• _Aim of the task_: Repeat word for word the lines starting at the one with "Celebrate a bridal" and ending at the final line of the material, both ends included; omit pictures.

• _Provided material_:
◆ ◆ ◆ ◆

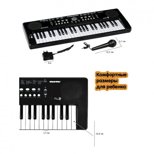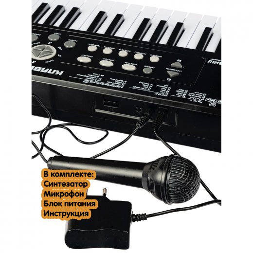 Синтезатор детский "КЛАВИШНИК" с микрофоном и блоком питания ТМ Bondibon познакомит ребенка с миром музыки, позволит самостоятельно учиться играть на синтезаторе, развивая музыкальный слух, способствуя гармоничному развитию с малых лет. Компактный синтезатор не займет дома много места, поэтому его очень удобно использовать в качестве домашнего музыкального инструмента. Клавиатура синтезатора состоит из 49 клавиш, две колонки обеспечивают качественный стереозвук, в комплекте синтезатора микрофон, питание инструмента возможно от сети 220 В или 6 батареек АА 1,5В (в комплект не входят).
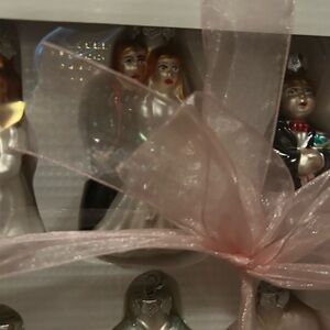 Celebrate a bridal shower, wedding or your first year as a married couple with this elegant holiday ornament set, Featuring 12 Ornaments including bouquet, get away car, bride, a wedding bell, the married couple, lovebirds, love and wedding presents, the groom, a cake, a champagne bottle, a home and a heart.Perfect for adding a touch of charm to your home decor.or even use as Table Decor.
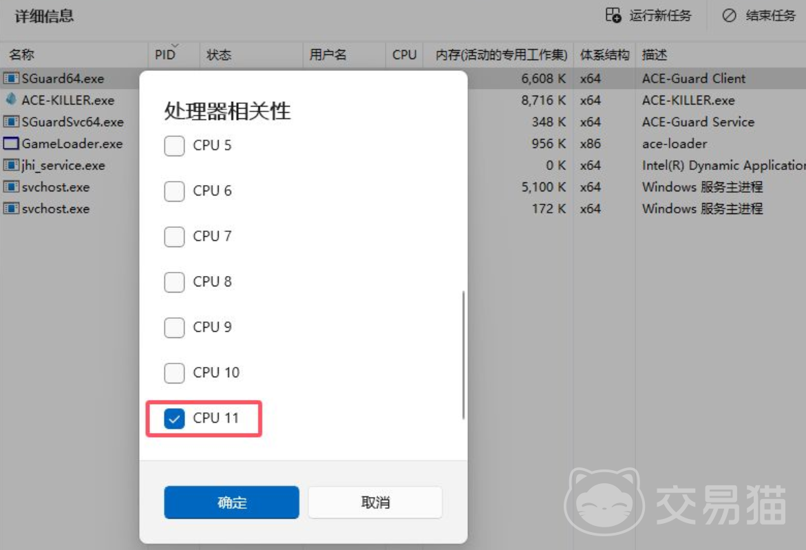 到这一步还没有结束呢!再选择“设置相关性”,可以设置将这个程序的挂载到某个CPU的单个小核心上,这样就可以避免“ACE”占用到CPU大核心的资源,进而影响到游戏的稳定性了。

◆ ◆ ◆ ◆

• _Your response_:
 Celebrate a bridal shower, wedding or your first year as a married couple with this elegant holiday ornament set, Featuring 12 Ornaments including bouquet, get away car, bride, a wedding bell, the married couple, lovebirds, love and wedding presents, the groom, a cake, a champagne bottle, a home and a heart.Perfect for adding a touch of charm to your home decor.or even use as Table Decor.
 到这一步还没有结束呢!再选择“设置相关性”,可以设置将这个程序的挂载到某个CPU的单个小核心上,这样就可以避免“ACE”占用到CPU大核心的资源,进而影响到游戏的稳定性了。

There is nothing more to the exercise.